We'll start off with our boilerplate Spark stuff that creates a local SparkConfiguration and a SparkContext, from which we can then create our initial RDD.
conf = SparkConf().setMaster("local").setAppName("SparkTFIDF") sc = SparkContext(conf = conf)
Next, we're going to use our SparkContext to create an RDD from subset-small.tsv.
rawData = sc.textFile("e:/sundog-consult/Udemy/DataScience/subset-small.tsv")
This is a file containing tab-separated values, and it represents a small sample of Wikipedia articles. Again, you'll need to change your path as shown in the preceding code as necessary for wherever you installed the course materials for this book.

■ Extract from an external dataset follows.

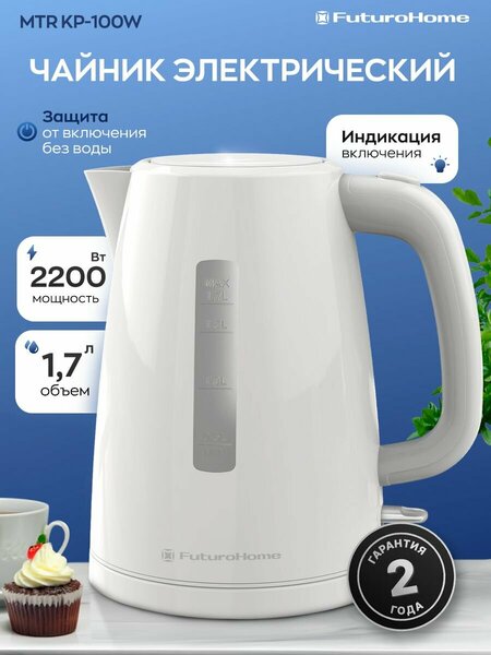 Электрический чайник FuturoHome MTR KP-100W - безупречный вкус в каждой чашке! В быстром темпе современной жизни, порой, не остается времени даже на привычные маленькие радости. Будь то встреча с друзьями, чтение любимой книги или заваривание кофе в турке. Именно поэтому мы стараемся ценить мгновения безмятежности, когда можно просто наслаждаться жизнью. Например, чашечкой утреннего кофе или чая. В такие моменты нужно всего лишь нажать на пуск, а чайник все сделает сам. И вот через считанные минуты можно остаться наедине со своими мыслями. Электрический чайник MTR KP-100W создан именно для таких моментов. Особенности модели чайника MTR KP-100W Вместительный объем 1.7 литра. Идеально подходит для больших семей и компаний, позволяя приготовить достаточный объем воды за одно кипячение. Мощный и быстрый нагрев (1850-2200 Вт). Экономьте время и наслаждайтесь горячим напитком уже через несколько минут. Скрытый нагревательный элемент. Легко очищается от накипи и обеспечивает более эффективный нагрев воды. Безопасный пищевой пластик. Корпус изготовлен из высококачественного пищевого пластика, не выделяющего вредных веществ при нагревании. Длительная гарантия 2 года. Уверенность в качестве и надежности от производителя. Оптимальная длина шнура 70 см. Обеспечивает комфортное размещение чайника на кухне. Автоматическое отключение при закипании. Безопасность превыше всего – чайник автоматически отключается после закипания воды. Защита от включения без воды. Предотвращает появление неисправностей и продлевает срок службы чайника. Поворотное основание 360 градусов. Удобство использования для правшей и левшей. Не упустите возможность обзавестись надежным и функциональным чайником MTR KP-100W! Добавьте его в корзину прямо сейчас и наслаждайтесь горячими напитками без лишних хлопот!

That gives me back an RDD where every document is in each line of the RDD. The tsv file contains one entire Wikipedia document on every line, and I know that each one of those documents is split up into tabular fields that have various bits of metadata about each article.

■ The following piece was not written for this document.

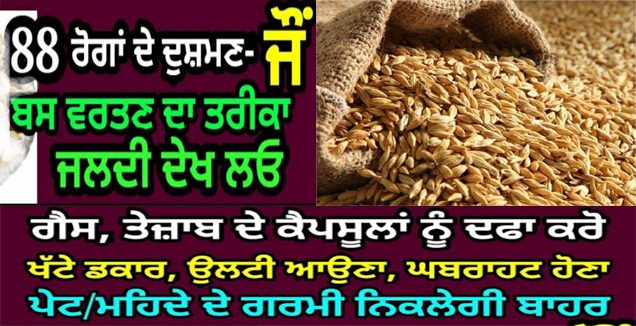 ਤੁਹਾਡੇ ਵਾਲਾਂ ਨਾਲ ਜੁੜੀਆਂ ਅੱਖ ਨਾਲ ਜੁੜੀਆਂ ਜਾਂ ਫਿਰ ਚਮੜੀ ਨਾਲ ਜੁੜੀਆਂ ਸਾਰੀਆਂ ਸਮੱਸਿਆਵਾਂ ਦੂਰ ਹੋ ਜਾਣਗੀਆਂ। ਜੌਂ ਤੁਹਾਡੀਆਂ ਬਹੁਤ ਸਾਰੀਆਂ ਬਿਮਾਰੀਆਂ ਨੂੰ ਖਤਮ ਕਰੇਗਾ। ਇਸ ਦਾ ਸੇਵਨ ਕਰਨ ਨਾਲ ਤੁਹਾਨੂੰ ਬਹੁਤ ਫਾਇਦਾ ਮਿਲੇਗਾ,ਸਾਡੇ ਦੁਆਰਾ ਦਿੱਤੀ ਗਈ ਜਾਣਕਾਰੀ ਅਖ਼ਬਾਰ,ਨਿਊਜ ਚੈਨਲ,ਯੂ-ਟਿਊਬ ਆਦਿ ਤੋਂ ਲਈ ਜਾਂਦੀ ਹੈ ਤੇ ਤੁਹਾਡੇ ਤੱਕ ਪਹੁੰਚਾਈ ਜਾਂਦੀ ਹੈ ਤਾਂ ਜੋ ਤੁਹਾਨੂੰ ਸਾਡੇ ਦੁਆਰਾ ਦਿੱਤੀ ਗਈ ਜਾਣਕਾਰੀ ਦਾ ਵੱਧ ਤੋਂ ਵੱਧ ਫਾਇਦਾ ਹੋ

The next thing I'm going to do is split those up:
fields = rawData.map(lambda x: x.split(" "))
I'm going to split up each document based on their tab delimiters into a Python list, and create a new fields RDD that, instead of raw input data, now contains Python lists of each field in that input data.
Finally, I'm going to map that data, take in each list of fields, extract field number three x[3], which I happen to know is the body of the article itself, the actual article text, and I'm in turn going to split that based on spaces:
documents = fields.map(lambda x: x[3].split(" "))
What x[3] does is extract the body of the text from each Wikipedia article, and split it up into a list of words. My new documents RDD has one entry for every document, and every entry in that RDD contains a list of words that appear in that document. Now, we actually know what to call these documents later on when we're evaluating the results.
I'm also going to create a new RDD that stores the document names:
documentNames = fields.map(lambda x: x[1])
All that does is take that same fields RDD and uses this map function to extract the document name, which I happen to know is in field number one.
So, I now have two RDDs, documents, which contains lists of words that appear in each document, and documentNames, which contains the name of each document. I also know that these are in the same order, so I can actually combine these together later on to look up the name for a given document.